Recap of the 2014 SCCA National Championship Runoffs


Michigan racecar driver John Heinricy headed west for the annual Sports Car Club of America National Championship Runoffs earlier this month with a big target on his back.

Top drivers from around the country were gunning to dethrone this 12-time SCCA national champion (in four different classes) at the Mazda Speedway in California during the Oct. 6-12 national season finale.

“You might think that this is old hat for me after all these years of racing,” Heinricy said about the challenges he faced during the weeklong event. “But that was far from reality.
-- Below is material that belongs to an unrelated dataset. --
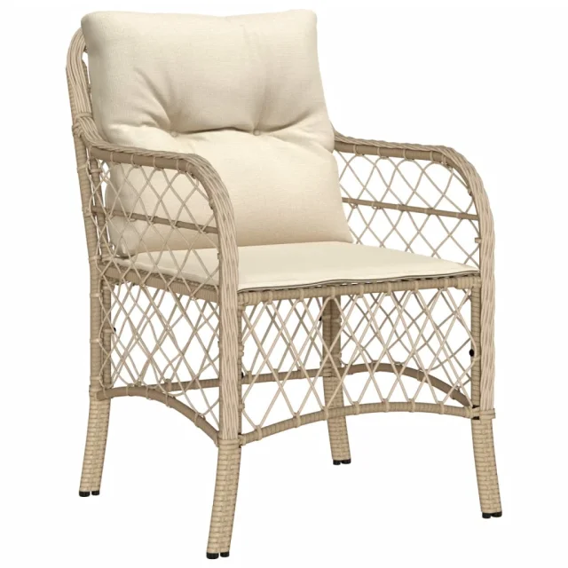 The Living Store Vrtni stol z blazinami 2 kosa poli ratan bež - Vrtni Stol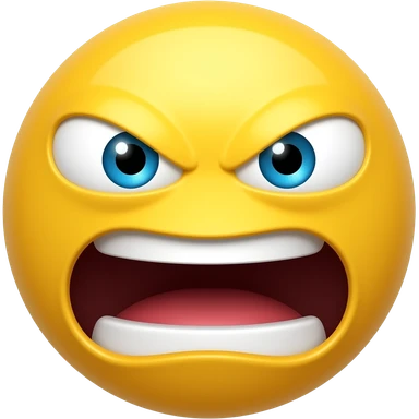 Distorted 2D yellow emoji face, wide-stretched screaming open mouth, slightly shifted and bulging eyes, hyper-expressive and intense hype expression, minimalist cartoon style, vibrant colors, isolated on a white background emoji

In many respects the pressure was even higher because I’m a past champion.

“Every day, I, along with my mechanics, worked from dawn ‘til dusk on both of my racecars to make sure they were in top condition for qualifying. Each day, setups were checked, double-checked and changed to try to make even the smallest improvements.”

Tensions often run high among the more than 500 drivers who converged this year on Monterey, CA., to compete in the 27 different classes for national championships. Racecars often get damaged during the qualifying sessions and must be repaired in time for their races. During practice and qualifying runs, each driver also is trying to out-think their opponents and to learn the fastest way around the track. Then it’s back to their garages to fine-tune their racecar to make it faster for this specific track.

Most drivers only had one car to worry about in this year’s runoffs. But Heinricy qualified in two classes and had two racecars to manage. Then there were the media pressures: Sports Car magazine picked him to win one class and place second in another.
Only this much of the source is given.